Vector is a bridge to transform geometric problems into algebraic problems, and the addition and subtraction of vectors are geometric operations by algebraic methods.
Triangle rule solves the problem of vector addition: connect each vector from beginning to end in turn, and the result is that the starting point of the first vector points to the end point of the last vector.
Parallelogram rule solution
The method of vector addition: two vectors are translated to the common starting point, and the two sides of the vector are regarded as parallelograms, and the result is the diagonal of the common starting point.
The parallelogram rule is used to solve the method of vector subtraction: two vectors are translated to a common starting point, and both sides of the vector are used as parallelograms, and the result points from the endpoint of the subtracted vector to the endpoint of the subtracted vector (the parallelogram rule is only applicable to the addition and subtraction of two non-zero non-* * * line vectors).
When learning vectors, you can follow the following steps:
1. Definition of learning vector: A vector is a quantity with a size and a direction, which is mathematically represented by an arrow. The length of the arrow indicates the size of the vector, and the direction of the arrow indicates the direction of the vector.
2. Basic operations of learning vectors: addition, subtraction, number multiplication, point multiplication, etc. The operation of addition and subtraction is to add and subtract the length and direction of a vector. The operation method of number multiplication is to multiply the length of the vector by a real number, and the direction remains the same.

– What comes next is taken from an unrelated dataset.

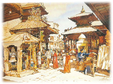 ภาพวาดสีน้ำแสดงการวาดโดยใช้ทัศนียภาพแบบจุดรวมสายตาสองจุด
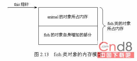 当我们构造fish类的对象时,首先要调用animal类的构造函数去构造animal类的对象,然后才调用fish类的构造函数完成自身部分的构造,从而拼接出一个完整的fish对象。当我们将fish类的对象转换为animal类型时,该对象就被认为是原对象整个内存模型的上半部分,也就是图2.13中的“animal的对象所占内存”。当我们利用类型转换后的对象指针去调用它的方法时,自然也就是调用它所在的内存中的方法。因此,出现如图2.12所示的结果,也就顺理成章了。

The operation of dot multiplication is to add the length products of two vectors to get a scalar.
3. Graphical representation of drawing vectors: you can use arrows to represent vectors, the length of arrows indicates the size of vectors, and the direction of arrows indicates the direction of vectors, so that you can represent vectors more vividly.
4. Coordinate representation of learning vectors: a vector can be represented by coordinates, a two-dimensional vector can be represented by two numbers, and a three-dimensional vector can be represented by three numbers.
5. Relevant formulas of learning vectors: such as the module length of vectors, the included angle of vectors, the projection of vectors, etc. Mastering these formulas is helpful to solve related problems.
6. Doing related topics of vectors: After mastering the basic knowledge, you need to practice doing related topics of vectors, consolidate what you have learned and improve your problem-solving ability.